至於在帕納外城的戰鬥,卻是三方中最慘烈的,平民此時已經全都躲到屋內,或者離開城市避難去了,剩下在街道中的不是叛軍就是討伐叛軍的第八軍團聯軍,起初戰爭並沒有現在這麽慘烈,至少傷亡還沒這麽嚴重,直到一位中立的貴族被一擁而入的叛軍殺死並洗劫一空,矛盾才被徹底激化。
第八軍團一方打著菲麗共和國的旗號(霏月對這些並不了解,而打著菲麗共和國的旗號也是後來菲米授意派圖恩去做的,這也讓第八軍團在平定叛亂時得到一些意外的助力。

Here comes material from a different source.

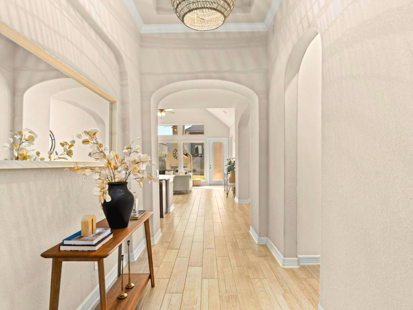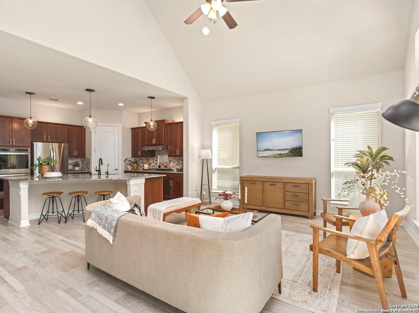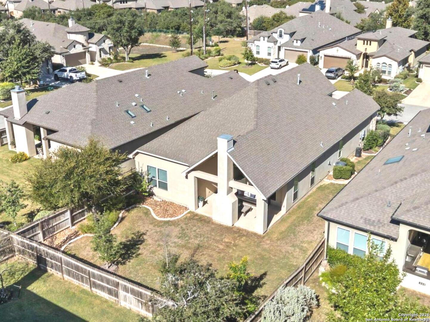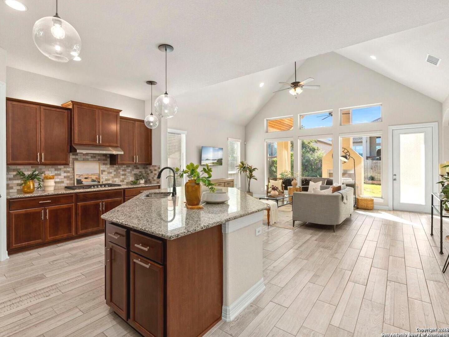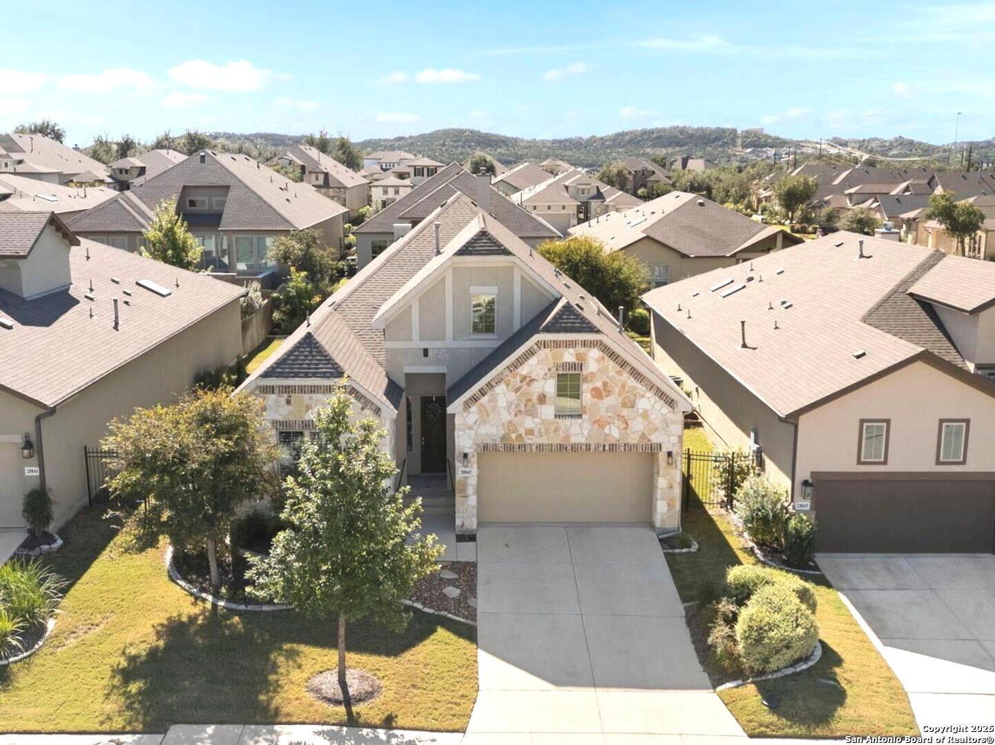 This inviting home is located in the beautiful neighborhood of Kinder Ranch at Settlers Ridge with controlled access. An impressive, well-built single-story, 3-bedroom and 2 1/2-bathroom home combines luxury with easy living. Enter to discover high ceilings, a majestic entryway, sun-filled rooms, and an open layout. A modern-designed kitchen provides the perfect atmosphere for everyday living and entertaining, with a grand island, double ovens, a gas cooktop, ample cabinetry space, and granite countertops. The primary bedroom is an elegant, spacious retreat, complemented by a full master bathroom suite with a walk-in closet. Step outside to enjoy a gorgeous covered patio, outdoor fireplace, and lush landscape. The front and backyard lawn maintenance of grass cutting is actively managed and included in the quarterly HOA fee. Experience quality craftsmanship and premium functional design, with attention to detail that creates a convenient, modern, and comfortable lifestyle. Schedule your private tour today.

),自然不可能看著中立的貴族被殺死,
於是,戰爭理所當然的在一次次被激化後再次升級,從局部的巷戰到現在一個一個貴族庭院的攻防戰,雙方都已經殺紅了眼,即便現在亞羽的特殊部隊抓住了公爵,恐怕也難以阻止戰爭,除非雙方中的一方丟下兵器投降。 哀嚎之聲傳遍整座城市,駐扎在帕裡斯聯邦邊境的重編的第三軍團在菲米的命令下開始進入帕裡斯聯邦,現在的帕裡斯因為之前協議的緣故,大部分貴族已經帶著自己的妻女離開菲麗共和國的國境,只有極小的一部分大貴族因為舍棄不下自己的權利,擁兵自重,企圖阻止帕裡斯聯邦並入菲麗共和國,而在第三軍團的鐵騎下,也不過螳臂當車,沒蹦躂幾下就被活捉並抄了家底,上交給國家了。
此時第八軍團的戰士們已經抵達樓閣的頂層,卻也正如劍客所言,公爵並不在這裡,取而代之的是一位面相陰深的不知道是戰士還是刺客的家夥,僅僅一個照面,第一批衝上頂層的第八軍團戰士便被切下頭顱,這些頭顱順著階梯滾到後續部隊的腳邊,頓時使大家灼熱的心涼了半截。
“真沒想到,還有人願意上來送死啊!”當所有剩下的部隊都衝上頂層,一個漆黑的陰影立於頂層的中央,四周一片漆黑,什麽都看不見,除了呼吸和鎧甲的聲音,什麽也聽不見,再看看對面靜靜站著的家夥,就好像不是活物一樣,面色白的嚇人,雙眼也嚴重凹陷,嘴中傳出牙齒不斷碰撞的噠噠聲,渾身散發的不祥氣息更是將血氣方剛的戰士們逼退幾步。
“這家夥——這家夥是——活人傀儡!”隊伍中的一位戰士顫抖著說道,“這裡一定還有一個操控它的主人!”
戰士顫抖的話語就像來自深淵的呼喚,當周邊的人反應過來,視線已經傾斜,隨後好像墜下的石頭,落到地上晃動了兩下,再漸漸模糊,最後陷入一片黑暗。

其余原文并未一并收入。